En "power electronics" estoy totalmente perdido...
Gracias!!!


----------



## chclau (Ene 18, 2016)

Para VHDL te puedo recomendar "VHDL Programming by Example" de Douglas Perry

y sobre fuentes de alimentacion

Switching Power Supplies A to Z de Sanjaya Maniktala


----------



## kiftren (Ene 18, 2016)

Muchas gracias por las recomendaciones chclau.
He hechado un vistazo al libro sobre VHDL y me gusta. Lleva 4 ediciones, lo que indica que es bueno, aunque le veo el problema de que está en inglés y no es mi fuerte. No veo que este libro haya sido traducido al español. ¿Alguien hace alguna recomendación en español?
Gracias!!!


----------



## chclau (Ene 18, 2016)

La unica recomendacion que tengo para ti es que si quieres estar en el campo de electronica, aprendas ingles. No te lo digo de mala manera, en serio. Si no, no tendras acceso a una enorme cantidad de material.

El ingles tecnico es simple. Haz el esfuerzo.


----------



## Carabanchelero (Abr 1, 2016)

Hola.

Estoy buscando un libro de referencia sobre VHDL para iniciarme en el tema. Tras varias busquedas por internet he llegado a estos tres:

- VHDL: El arte de programar sistemas digitales. 2002. David G. Maxinez; Jessica Alcala. Editorial CECSA.

- VHDL: Programming by Example. 2002. Douglas L. Perry. Editorial McGraw-Hill

- Circuit design and simulation with VHDL. 2010. Volnei A. Pedroni. Editorial MITPress.

El primer y el segundo libro tienen el inconveniente de que son muy antiguos y eso los convierte en difíciles de encontrar, caros y supongo que un poco obsoletos en un mundo tan cambiante como es el tecnológico. El tercero es un libro relativamente reciente, por lo que es fácil de encontrar y barato.

¿Alguien ha podido leer el último libro?, ¿lo recomendariais?, ¿tal vez recomendariais otro?

Gracias!!!


----------



## chclau (Abr 1, 2016)

Hola,

De los tres libros que listaste conozco solo el segundo, y a ese sí que te lo puedo recomendar. Como bien decís, teóricamente por lo menos, un libro más nuevo debería ser mejor, pero como no los conozco a los otros dos, no puedo opinar o comparar.

He leído algunos libros de VHDL y el de Perry es de los mejorcitos que vi.

Lo único que puedo darte como consejo adicional es entrar en Amazon y fijarte qué calificación le han dado los usuarios a cada uno de los libros (si figuran). Por mi experiencia en Amazon hay muy buenas críticas y si le tienen que dar con un caño a un libro también lo hacen, al parecer no hay censura de las críticas de los usuarios.
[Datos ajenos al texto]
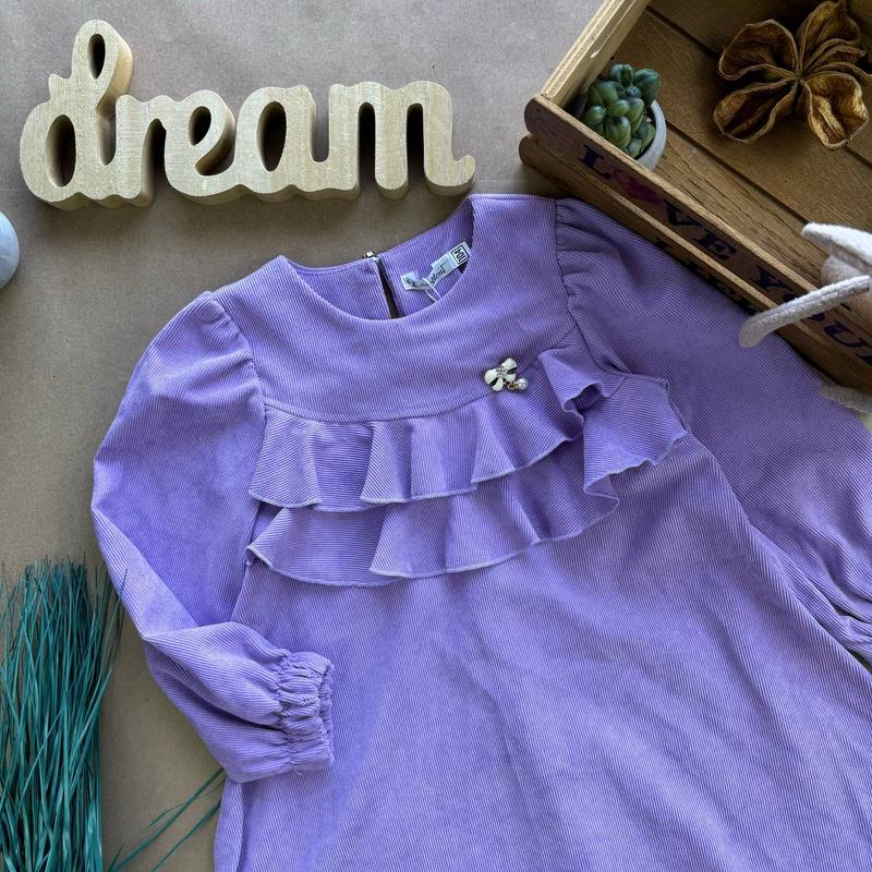 Ніжна та стильна сукня з вельвету. Вельвет рубчик відмінної якості. Рукава- ліхтарики. Спереду прикрашено рюшами. Гарно тримає форму. Ззаду- застібається на ґудзик. Розміри: 104 – рукав 37, довжина 55 110 – 40/58 116 – 42/60 122 – 44/63 128 – 46/65

Como nota final, VHDL tampoco ha cambiado tanto a lo largo del tiempo. Si bien existe una versión del 2008, las diferencias con respecto a versiones anteriores no son tan grandes como para que lo que decían libros de digamos, el 2000, queden obsoletos, ni mucho menos.

En el momento de llegar a la aplicación real, ahí sí hay muchísimo dinamismo y no hay libro que los cubra aunque sea de hace "sólo" tres o cuatro años. Para los dispositivos lo único actualizado son los sitios de los fabricantes.

Ah, una cosa más. Fijate si el libro tiene un buen sitio de Internet que lo respalde en que figuren los ejemplos para descargar. Es una gran ventaja, sobre todo si el sitio está "vivo" y el autor va actualizando y corrigiendo bugs, que lamentablemente, siempre los hay.

Saludos


----------



## Carabanchelero (Abr 2, 2016)

Gracias por la información chclau.

Las "customer review" de amazon.com para el tercer libro las había mirado y son buenas, pero me gustaría saber la opinión de otros hispano-hablantes, por lo que si alguien se ha leído este libro me gustaría saber su opinión sobre el mismo.

Me gusta que en los comentarios pone que es especialmente bueno para principiantes: mi caso.

Lo que no se me había ocurrido es mirar si tiene web. Parece ser que si la tiene.

Probablemente me acabe pillando este libro.


----------